The people made the call while speaking to journalists about what they are facing in the area.
They decried what some of them described as a democratic injustice, rejection and abandonment by former President Olusegun Obasanjo, Governors Donald Duke, Liyel Imoke and Benedict Ayade’s administrations and the local government area.
Speaking to the Nigerian Tribune on the situation of things in the communities and the gully erosion control, the head of the clan, Chief Paul Effiong Essien, lamented that despite the participatiom of the clan in the democratic process since 1999, they had been rejected and abandoned.
He explained that successive administrations both from the federal, state and local governments had only made empty premises to tackle the erosion disaster that had splitter the clan into two sites, destroyed houses, caused self exile, building collapse, landslide, pollution, flooding and environmental degradation in the area.
“Right from the government of President Obasanjo and Donald Duke, when the gully was still small, that was when we started calling for assistance. Eventually, both the federal and state governments could not help us, Donald Duke handed over to Senator Imoke, the same thing happened, only promises were made. We had several talks with government officials yet nothing was done as regard the gully.

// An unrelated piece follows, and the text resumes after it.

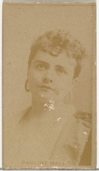 Editor: This is a photograph of Anna O'Keefe, from the Actors and Actresses series, printed between 1885 and 1891 by Allen & Ginter. It seems quite small, almost like a playing card. What's striking to me is how staged it feels, especially knowing it was used in cigarette packaging. What do you see in this piece? Curator: Well, seeing it within the context of cigarette packaging is key. These cards weren't just innocent portraits; they were instruments of consumer culture. Consider how the image of Anna O’Keefe, likely a popular actress of the time, was being used to sell a product – tobacco. Editor: That’s interesting! So, it's not just about art; it's about commerce and celebrity? Curator: Exactly. It's a commentary on the emerging role of celebrities in advertising and the power of visual media to shape public desires. Allen & Ginter weren't just selling cigarettes, they were selling a lifestyle, associating it with beauty, success, and fame. Editor: I hadn't thought about it that way. It makes me wonder, what did it mean to be a female "actress" represented in this medium at that time? Curator: The image would have helped the brand create a cultural and aspirational narrative around their cigarettes, even at the cost of the subject herself. Did she consent to its commercial exploitation? What payment did she receive, and was it fair? How complicit were these actresses and actors in propagating these norms? These are vital questions when analysing this imagery. Editor: It's eye-opening to see how this seemingly simple portrait is intertwined with complex socio-cultural forces. Curator: Absolutely, examining art within its historical context allows us to unpack the power dynamics at play, giving insight into consumer culture and media of the period. Editor: I'll never look at old ads the same way again. Thanks!

When Imoke wanted to leave office, about six months before his tenure, the then local government chairman invited me and other chiefs, but in the long run everything was politicised.
“Also, Imoke handed over to Governor Ayade, since 2015, we have not been answered. And in less than 15 months time, Governor Ayade will be leaving office. Our entire community has been abandoned. No drainage control, no good erosion strategies, no efforts put in place to control the gully erosion. We are in agony. People have been placed in a difficult state and no one cares. We want the gully to be eliminated. We want government’s intervention in all areas of social amenities,” Essien said.